Benchmarking FSDP vs. 3D Paralellism
Benchmarking FSDP with LLaMA Factory vs. 3D Parallelism with Nanotron
In my recent experiments, I compared two distributed training frameworks: LLaMA Factory using FSDP (Fully Sharded Data Parallelism) with accelerate
and Nanotron using 3D parallelism. Below, I summarize the benchmark results and share my observations. The model used in my experiments is meta-llama/Meta-Llama-3.1-8B.
Context
I came across a similar benchmark in a LightOn blog, where they trained a model with 2 billion parameters on a single node with 4x A100-64GB GPUs. The results are summarized in the table below:
Parallelism Type | Model | Batch Size | Block-wise Activation Recomputation | Throughput | TFLOPs |
---|---|---|---|---|---|
FSDP | 1.6B | 5 | Yes | 11,000 | 96.25 |
3D (DP=2, PP=2, TP=1) | 1.6B | 2 | Not supported | 4,880 | 51 |
I found these results very interesting. However, they could benefit from more comprehensive experiments for two key reasons:
- First, the training was conducted on only one node, which doesn’t account for the overhead introduced by inter-node communication.

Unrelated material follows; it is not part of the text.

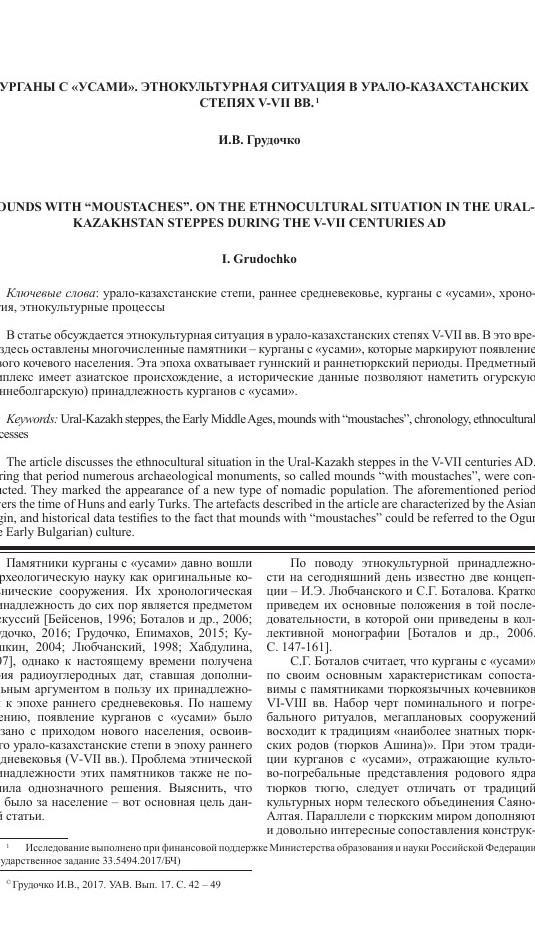 В статье обсуждается этнокультурная ситуация в урало-казахстанских степях V-VII вв. В это время здесь оставлены многочисленные памятники курганы с «усами», которые маркируют появление нового кочевого населения. Эта эпоха охватывает гуннский и раннетюркский периоды. Предметный комплекс имеет азиатское происхождение, а исторические данные позволяют наметить огурскую (раннеболгарскую) принадлежность курганов с «усами».

- Second, the comparison was made using different global batch sizes, which makes the throughput not strictly comparable as the convergence rate could vary.

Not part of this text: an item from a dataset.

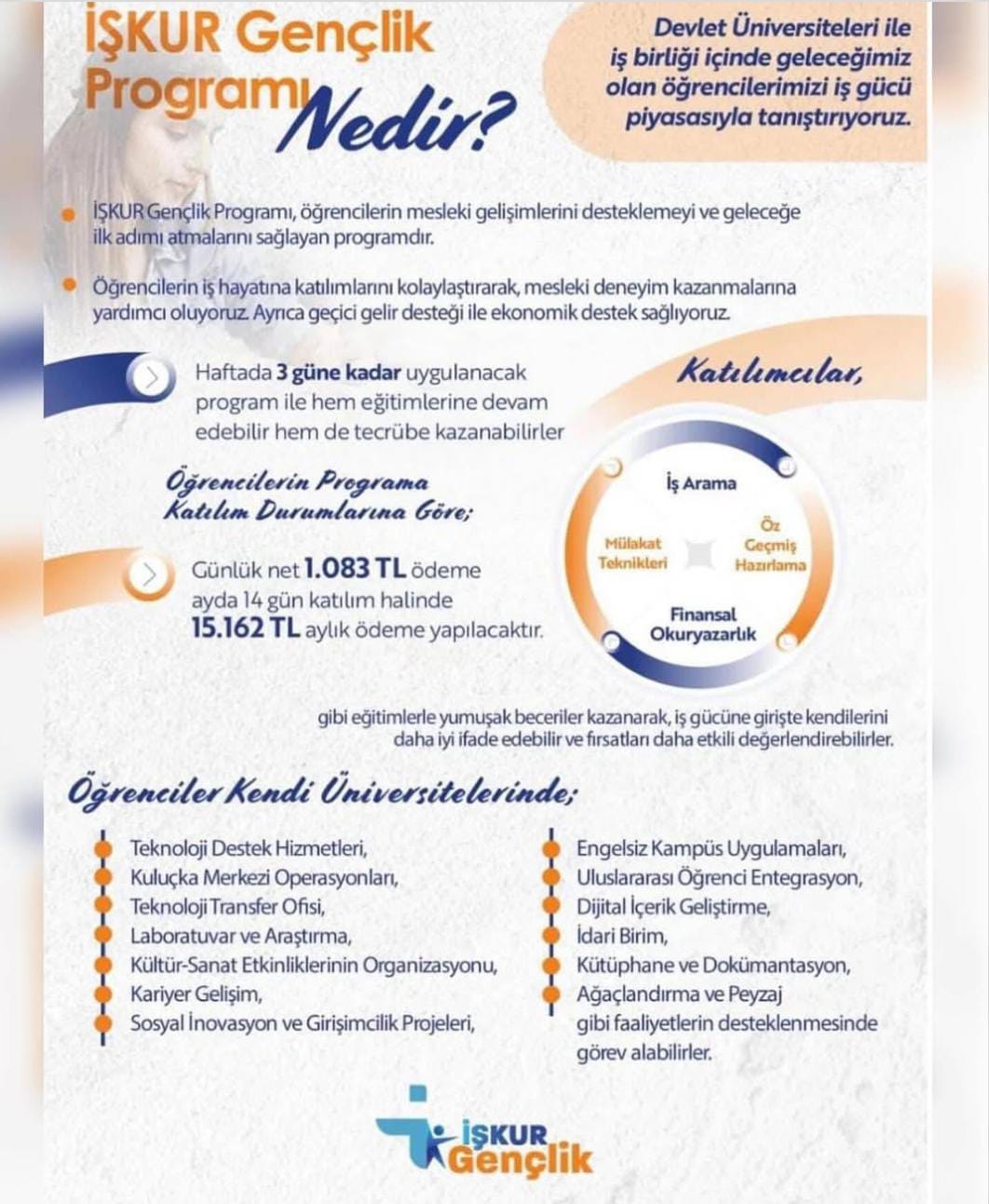 TÜRKİYE İŞ KURUMU TARAFINDAN DEVLET ÜNİVERSİTELERİ İLE DÜZENLENEN İŞKUR GENÇLİK PROGRAMINI BAŞVURULARI BAŞLADI

For these reasons, I conducted a more elaborate, though still incomplete, benchmark.
Benchmark Setup
Setup:
- H100 80GB GPUs
- GPUs per Node: 4
- Examples per GPU: 4
- Cutoff Length: 4096
Results:
# | Framework | Settings | Nodes | Gradient Accum. (global bs) | Throughput (tokens/s) |
---|---|---|---|---|---|
1 | LLaMA Factory | accelerate + FSDP | 4 | 1 (64) | 93.6K |
2 | Nanotron | DP=2, PP=1, TP=8 | 4 | 8 (64) | 83.3K |
3 | Nanotron | DP=4, PP=1, TP=4 | 4 | 4 (64) | 128K |
4 | Nanotron | DP=4, PP=2, TP=2 | 4 | 1 (16) | 49.2K |
5 | Nanotron | DP=4, PP=1, TP=4 | 4 | 1 (16) | 108K |
6 | Nanotron | DP=8, PP=1, TP=4 | 8 | 4 (128) | 253K |
7 | Nanotron | DP=4, PP=1, TP=8 | 8 | 8 (128) | 154K |
Observations
- Comparing lines 1 and 3, 3D(2D)-parallelism is 1.36 times more efficient than FSDP.
- Lines 1 and 5 demonstrate that even with lower gradient accumulation, 3D(2D)-parallelism can still achieve higher throughput.
- The comparisons between lines 2 and 3, as well as lines 6 and 7, suggest that the optimal TP is 4, which matches the number of GPUs per node.
- The throughput scales predictably with the number of nodes. As a rule of thumb, throughput can be approximated as
nnodes
* 23,405 tokens/s. - When using Nanotron with TP=4 and PP=1, throughput appears to scale as
nnodes
* 32,000 tokens/s when DP is increased. - There is a noticeable drop in throughput when using
PP > 1
. For example, with DP=4, PP=2, TP=2, throughput significantly drops to 49.2K tokens/s. - Increasing DP while holding TP=4 and PP=1 constant yields better throughput. With DP=8, throughput reached 253K tokens/s on 8 nodes.
Known Issues with Nanotron
While Nanotron shows promise in certain configurations, there are currently some known issues:
- Gradient Accumulation with PP > 1: There is a bug preventing gradient accumulation when using multinodes if
PP > 1
. You can track this issue here. - Checkpoint Resumption with PP > 1: Another bug exists that prevents resumption from checkpoints when
PP > 1
. This issue is being tracked here.
Acknowledgment
I would like to thank ChatGPT for helping refine the writing in this post.